_DATASET CONTENT_:
------------------------------------------------------------------------
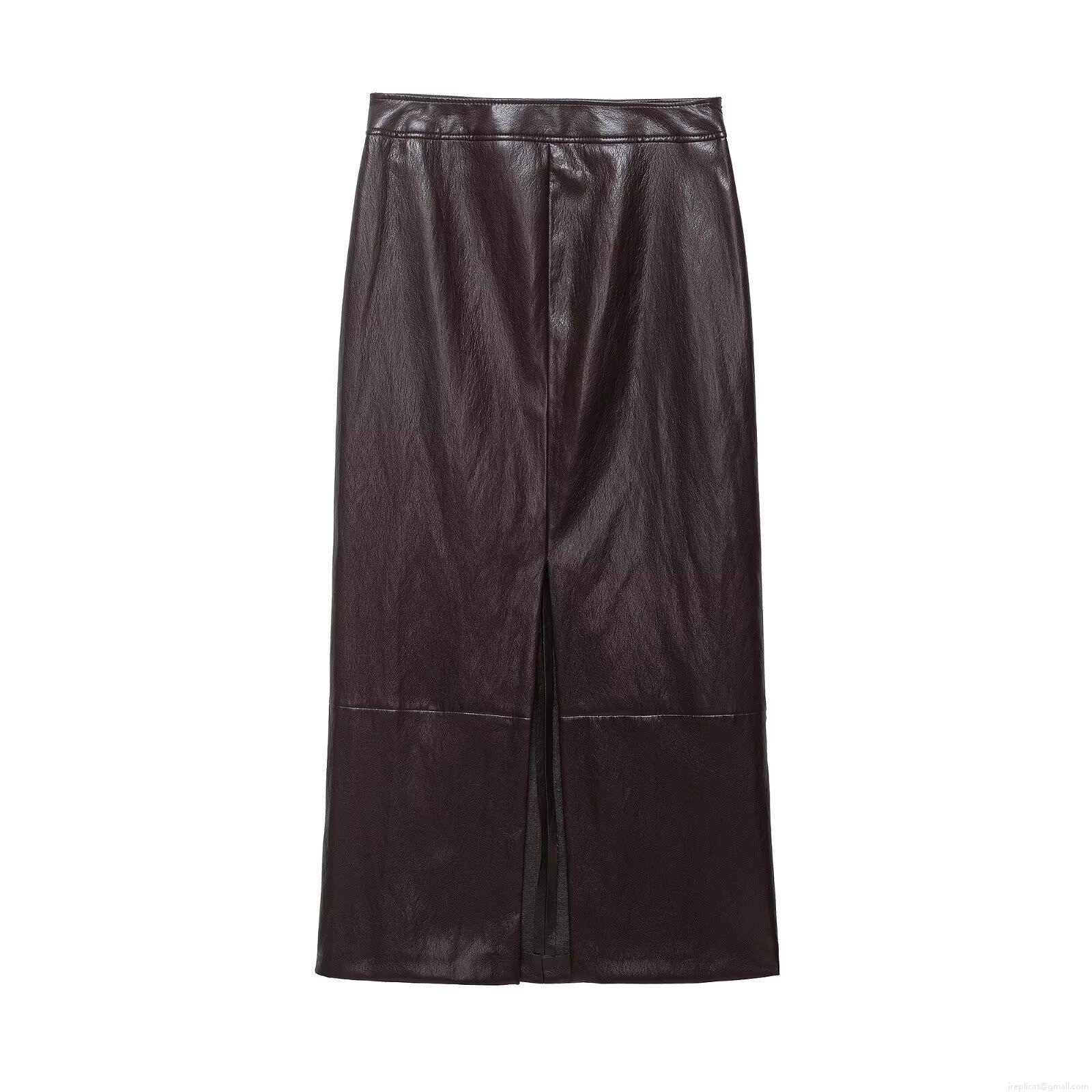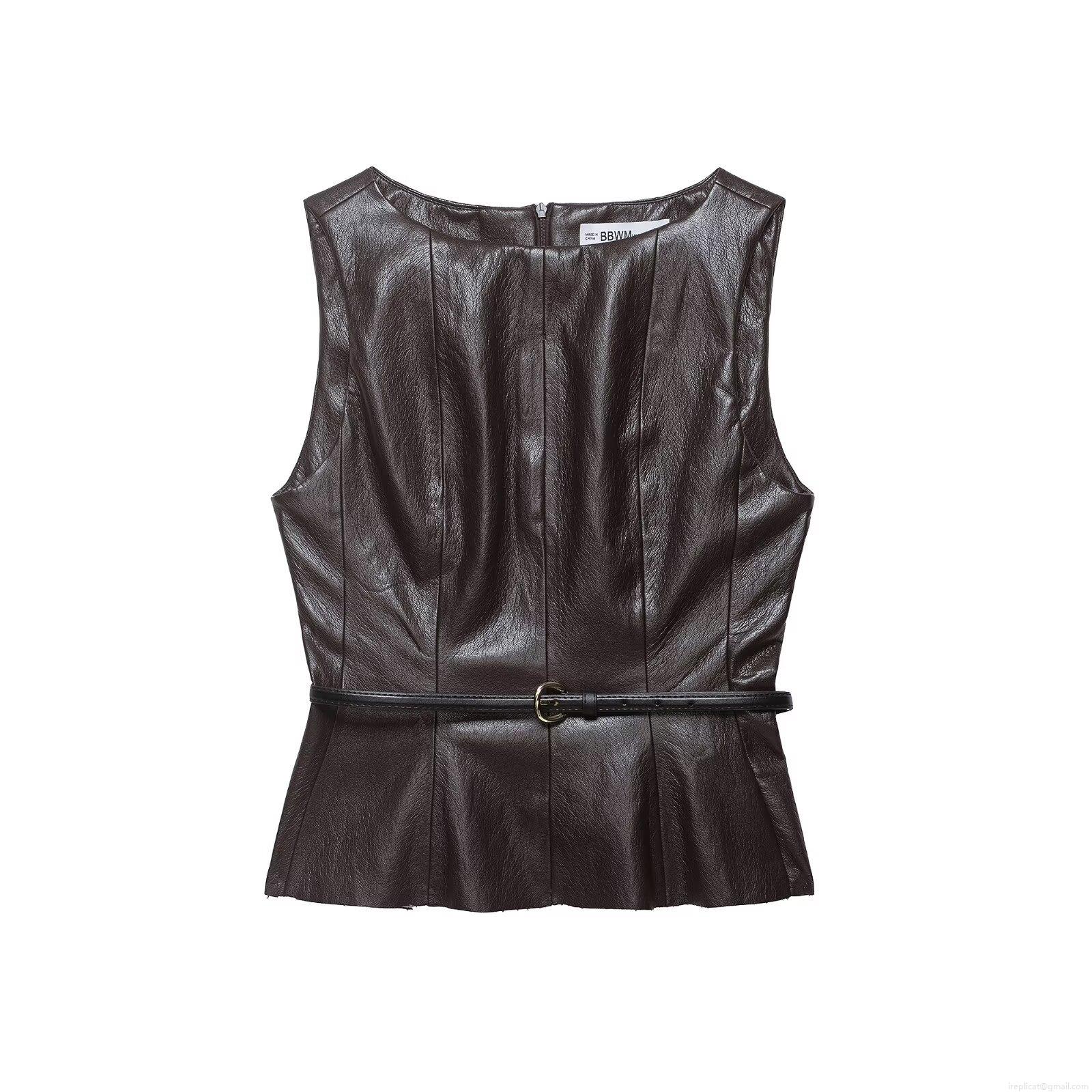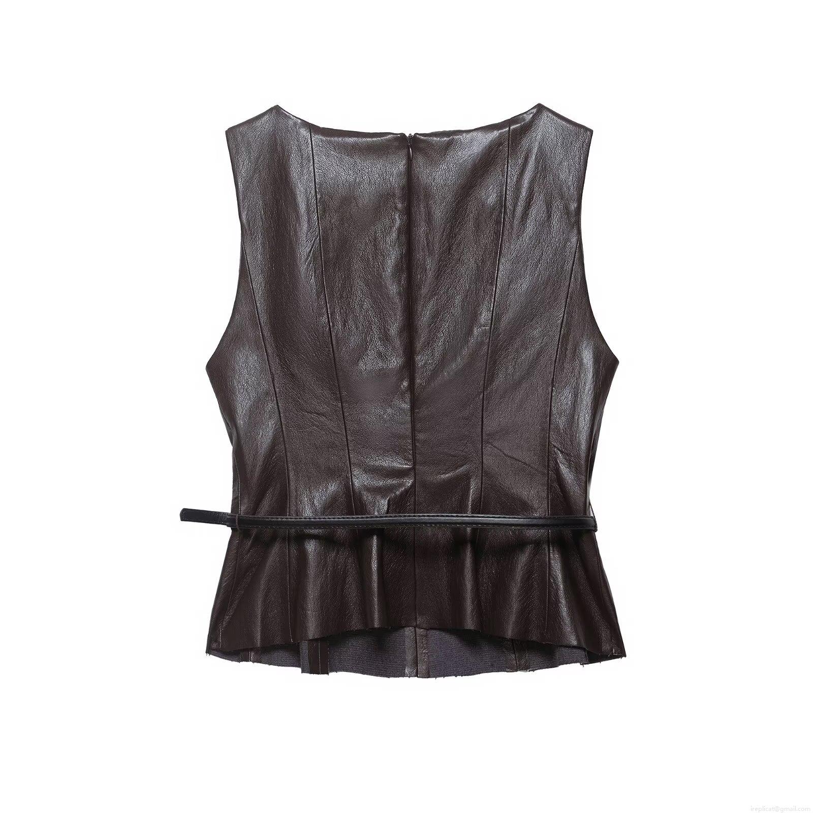 • Women's Faux Leather Top and Midi Skirt Set Chic Deep Brown Sleeveless Vest With Belt High Waist Slit Skirt Streetwear Two Piece Outfit PU Leather Suit
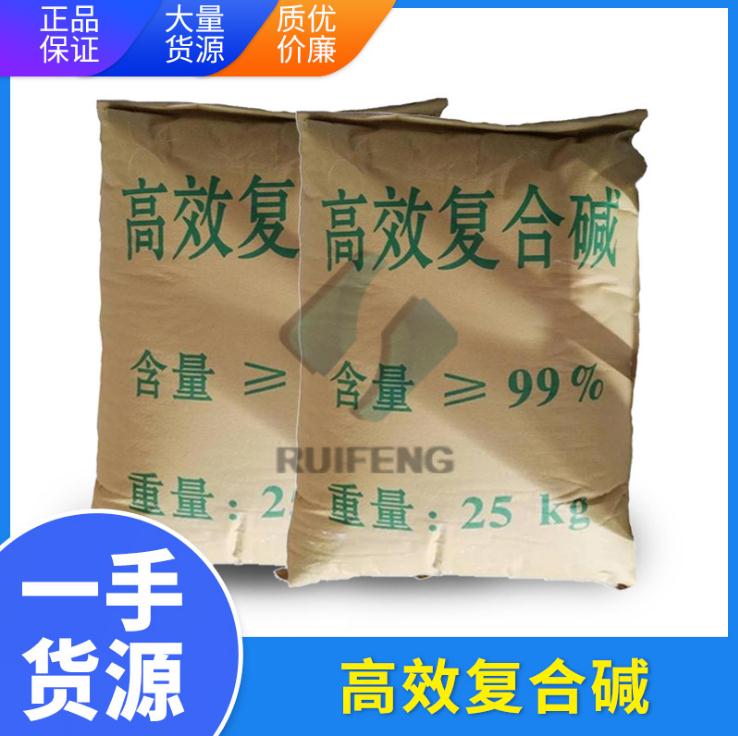 复合碱可替代氢氧化钠(烧碱)工业纯碱(碳酸钠),它的优势在于价格要比烧碱和纯碱便宜很多,性价比也高很多。复合碱在处理污水方面的效率完全能代替氢氧化钠(烧碱),甚至比烧碱效果更好,而且用料更省。比如说处理一升的污水,复合碱的用量只是烧碱的二分之一多点。
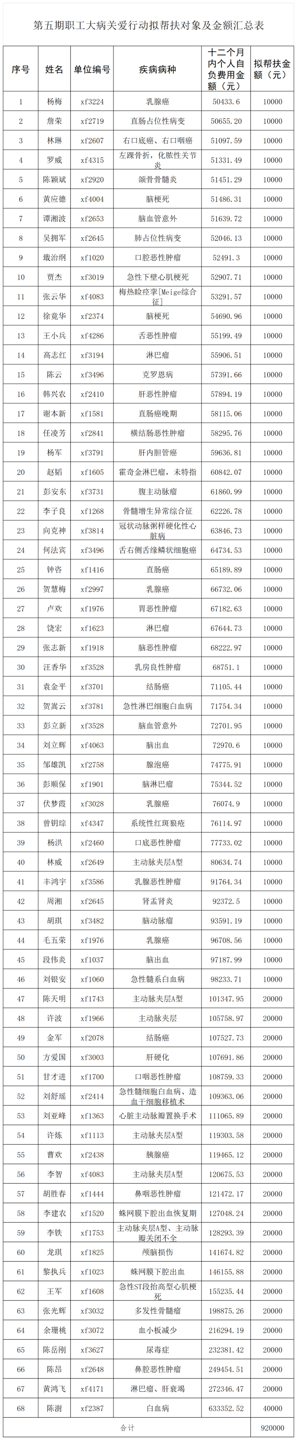第五期职工大病关爱行动拟帮扶对象及金额公示
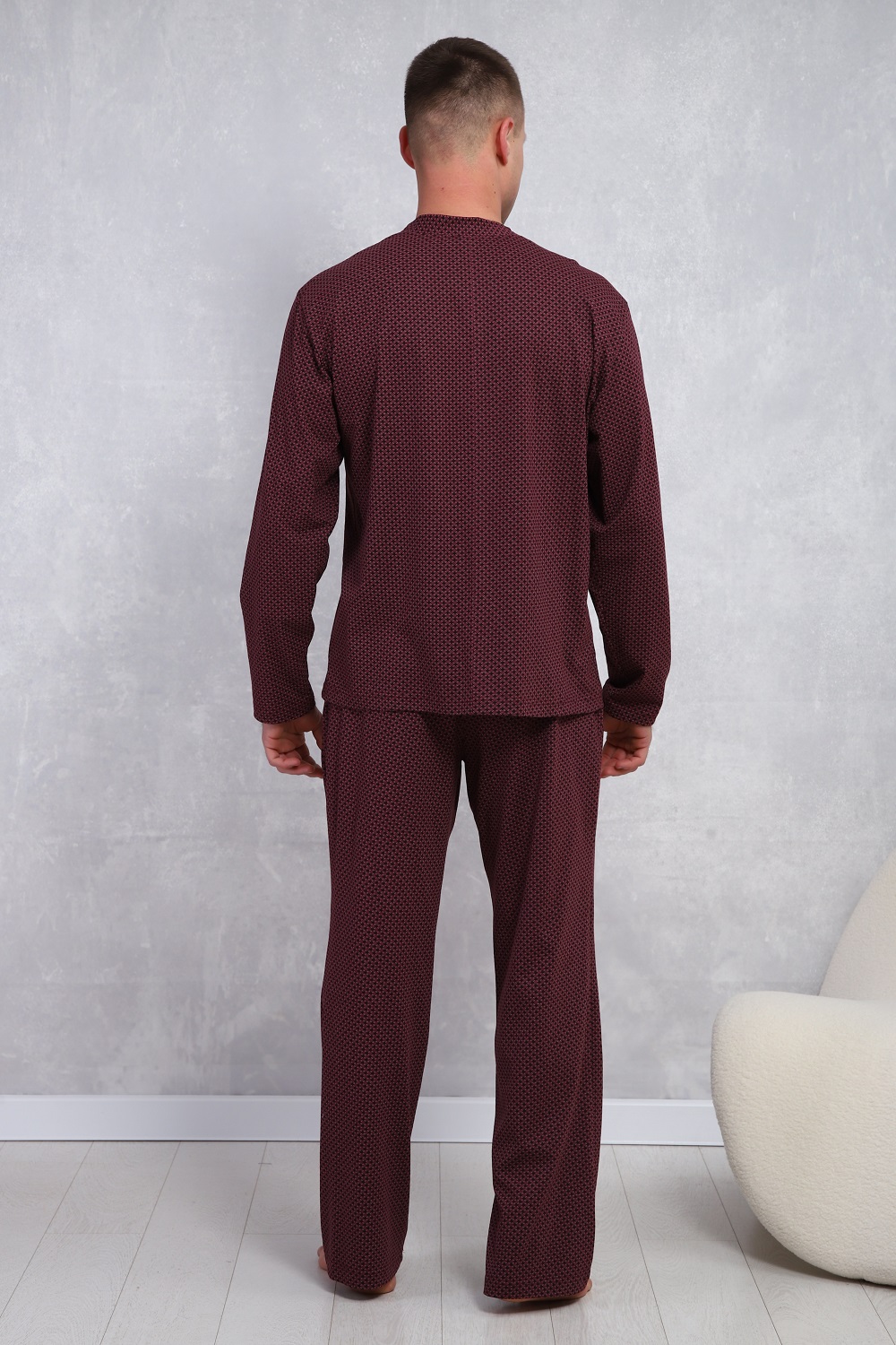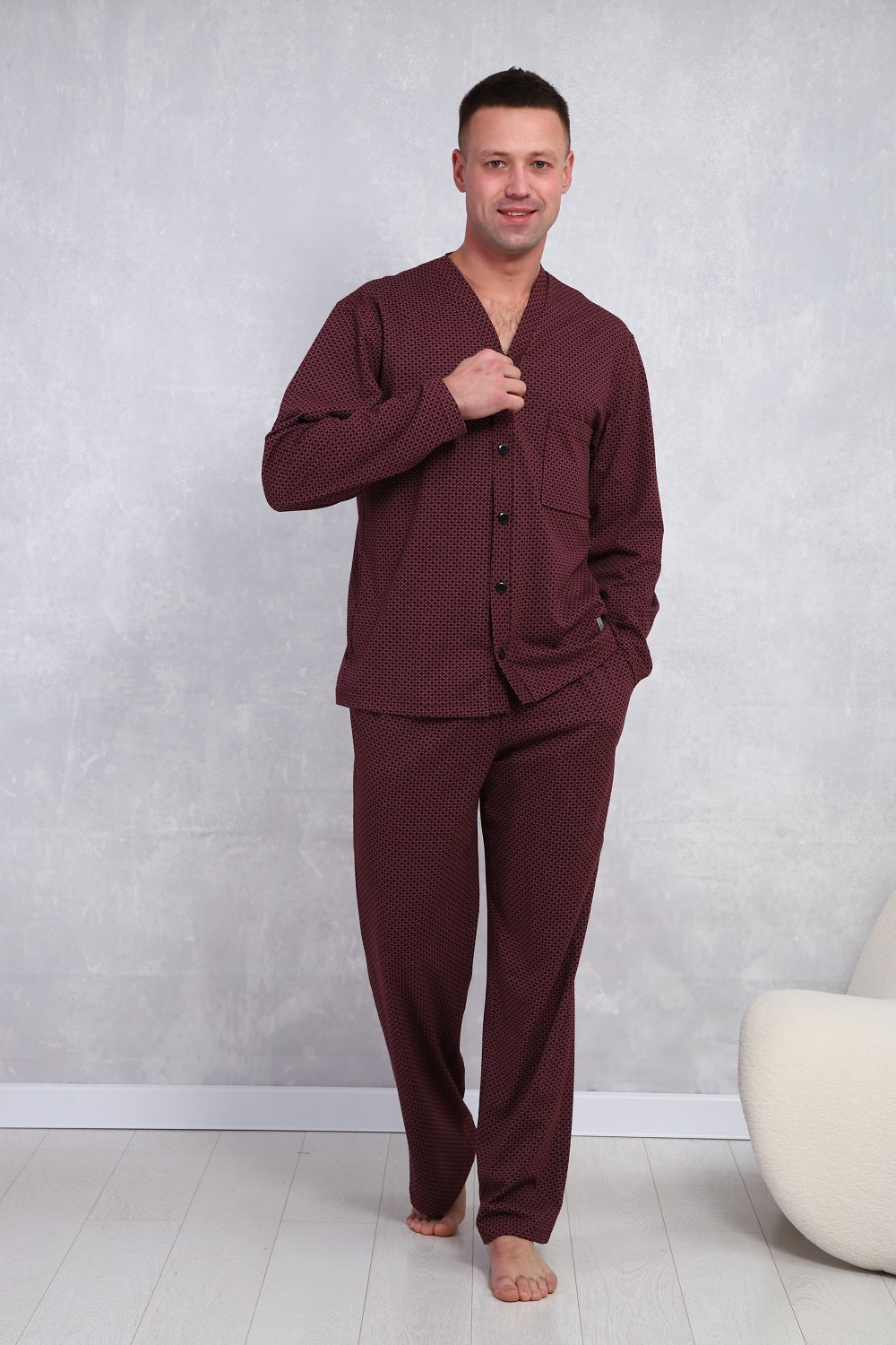 Пижама мужская в элегантном респектабельном стиле: сдержанный рисунок и классический крой. Брюки на эластичном поясе с боковыми карманами и верх с длинными рукавами и карманом на левой полочке. Хлопок 100%, обеспечит комфорт и уют.
------------------------------------------------------------------------
_EXERCISE DIRECTIONS_: Copy out every line of the data exactly, leaving the images behind.

_ANSWER TO THIS EXERCISE_:
 • Women's Faux Leather Top and Midi Skirt Set Chic Deep Brown Sleeveless Vest With Belt High Waist Slit Skirt Streetwear Two Piece Outfit PU Leather Suit
 复合碱可替代氢氧化钠(烧碱)工业纯碱(碳酸钠),它的优势在于价格要比烧碱和纯碱便宜很多,性价比也高很多。复合碱在处理污水方面的效率完全能代替氢氧化钠(烧碱),甚至比烧碱效果更好,而且用料更省。比如说处理一升的污水,复合碱的用量只是烧碱的二分之一多点。
第五期职工大病关爱行动拟帮扶对象及金额公示
 Пижама мужская в элегантном респектабельном стиле: сдержанный рисунок и классический крой. Брюки на эластичном поясе с боковыми карманами и верх с длинными рукавами и карманом на левой полочке. Хлопок 100%, обеспечит комфорт и уют.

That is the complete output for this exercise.